リリーはそれに対して、「だったら、若いボーイフレンドを見つければいい話じゃない」と言ったのです。それで私は「グレイス&フランキー」のストーリーを思いついたのです。

あらすじは、そこまで仲良くない2人の女性がお互いの夫たちが恋に落ちたことで同時に独り身に。2人は協力し合って、それを乗り越えないといけなくなってしまう...というもの。結果的にそれ以上のストーリーに進化しました。

7シーズン制作し、2022年に最終話を放映した時点では、ネットフリックス史上最長のシリーズに。

メディアにおける扱いに疑問

年を重ねた女性のメディアでの扱いは、とても明るいものではありません。

そもそもあまり実例もなく、特にセクシュアルな面や、何か新しいことに挑戦している姿はあまり描かれません。テレビで描かれるのは、おばあちゃんの役割か成長した子どもの母親、または面倒くさいキャラクターばかり。

ドラマ「ゴールデン・ガールズ」には、とてもセクシュアルな高齢の女性キャラがいましたが、ややオーバーなコメディ要素が多く、リアルとはいえませんでした。

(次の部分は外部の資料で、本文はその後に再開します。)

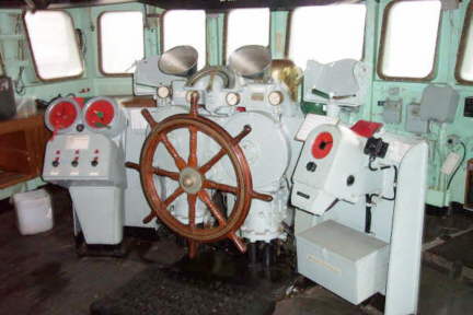 The bridge, ships wheel and steering gear in situ, before breaking.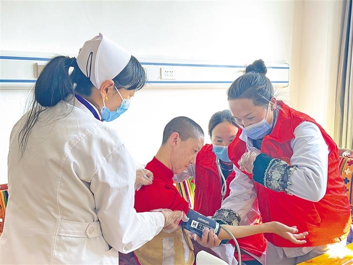 圖為志愿者們協(xié)助醫(yī)生,給那曲市殘疾人聯(lián)合會殘疾人康復托養(yǎng)中心的患者測量血壓。記者 萬靖 攝

疎外され、可視化されていないということに、自分自身が年を重ねて気づいたのです。

良い点も悪い点もすべて見せる

ドラマ「グレイス&フランキー」で大事にしたのは、加齢とセックスの、良い点も悪い点も、難しいこともすべて見せるということ。私ももう67歳、決して雛鳥ではありません。リリーとジェーンも80代です。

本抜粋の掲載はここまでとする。